[[ The input open ]]

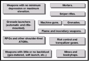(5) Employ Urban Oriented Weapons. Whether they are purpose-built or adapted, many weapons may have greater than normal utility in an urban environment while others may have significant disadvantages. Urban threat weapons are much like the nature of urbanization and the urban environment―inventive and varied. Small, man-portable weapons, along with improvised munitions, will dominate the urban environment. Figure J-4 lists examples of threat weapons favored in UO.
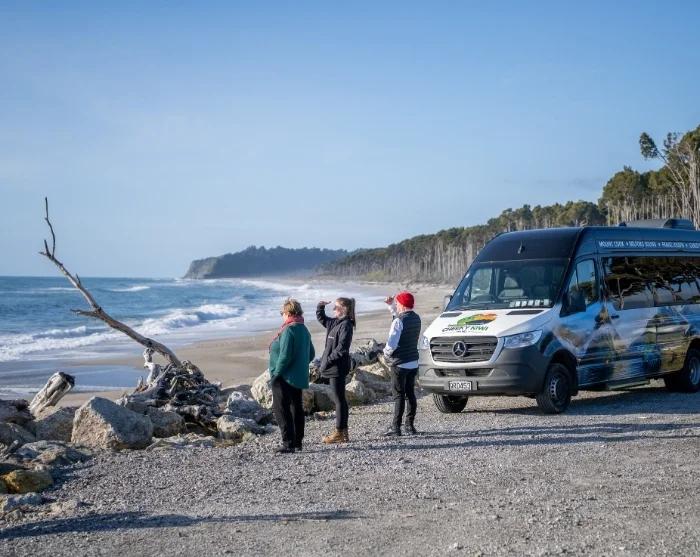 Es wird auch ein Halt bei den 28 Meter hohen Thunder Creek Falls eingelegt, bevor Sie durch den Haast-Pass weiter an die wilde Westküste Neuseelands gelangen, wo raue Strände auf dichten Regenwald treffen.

[[ The input closed ]]
[[ The input open ]]

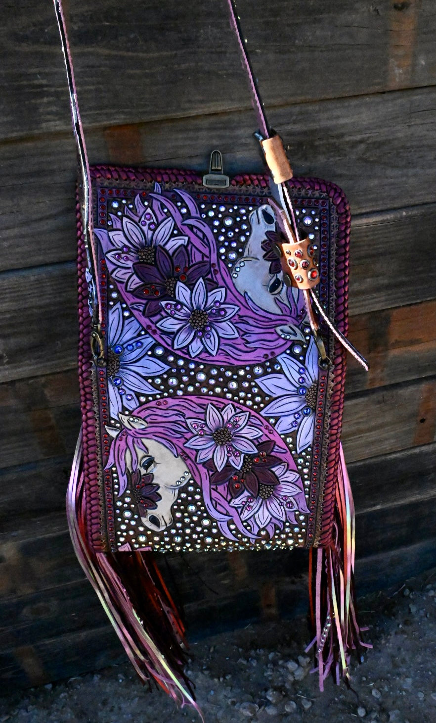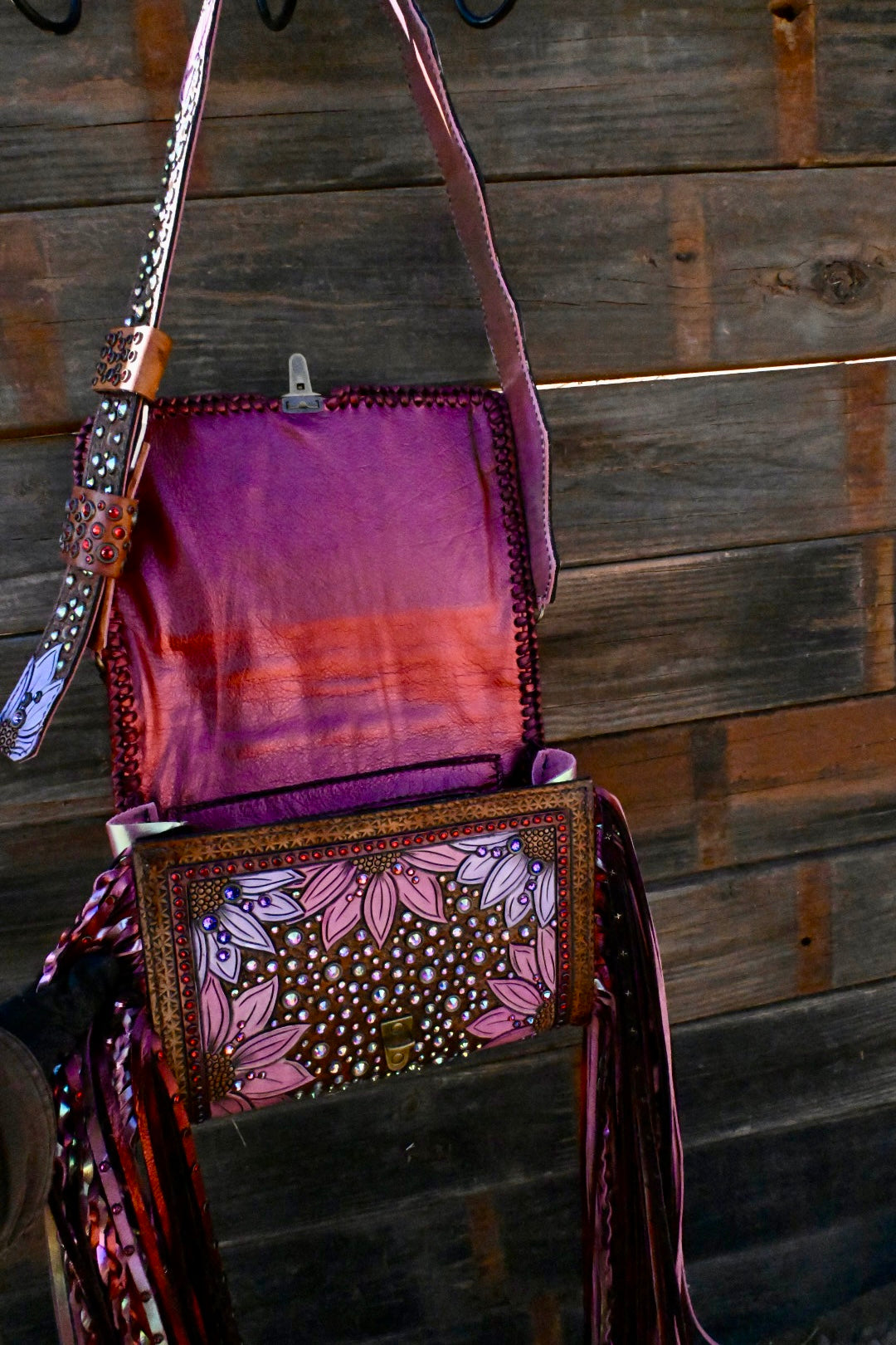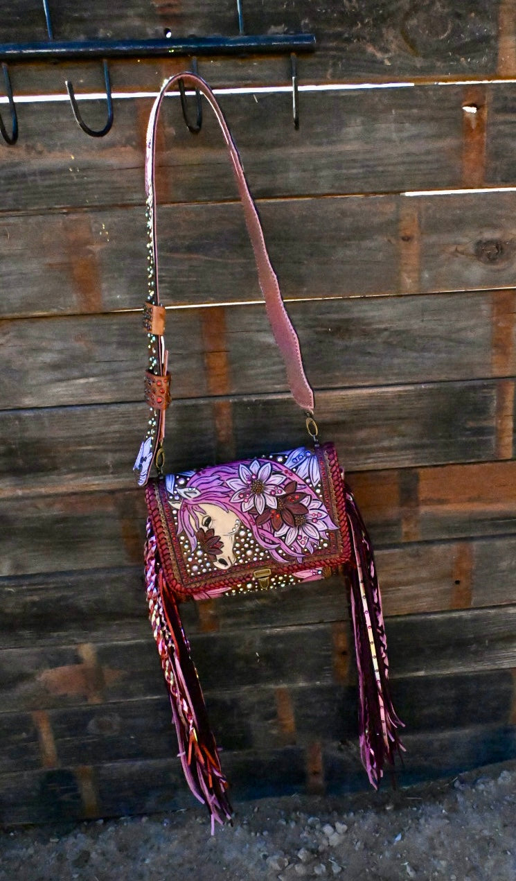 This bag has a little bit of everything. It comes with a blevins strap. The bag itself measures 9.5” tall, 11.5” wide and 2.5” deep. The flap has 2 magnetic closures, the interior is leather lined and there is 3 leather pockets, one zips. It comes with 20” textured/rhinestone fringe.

[[ The input closed ]]

Task directions ::
Output exactly, and only, the lines of the entries above from the one with "(5) Employ Urban" up to and including the one with "Es wird auch"; pictures are to be left out.

Answer for the task ::
(5) Employ Urban Oriented Weapons. Whether they are purpose-built or adapted, many weapons may have greater than normal utility in an urban environment while others may have significant disadvantages. Urban threat weapons are much like the nature of urbanization and the urban environment―inventive and varied. Small, man-portable weapons, along with improvised munitions, will dominate the urban environment. Figure J-4 lists examples of threat weapons favored in UO.
 Es wird auch ein Halt bei den 28 Meter hohen Thunder Creek Falls eingelegt, bevor Sie durch den Haast-Pass weiter an die wilde Westküste Neuseelands gelangen, wo raue Strände auf dichten Regenwald treffen.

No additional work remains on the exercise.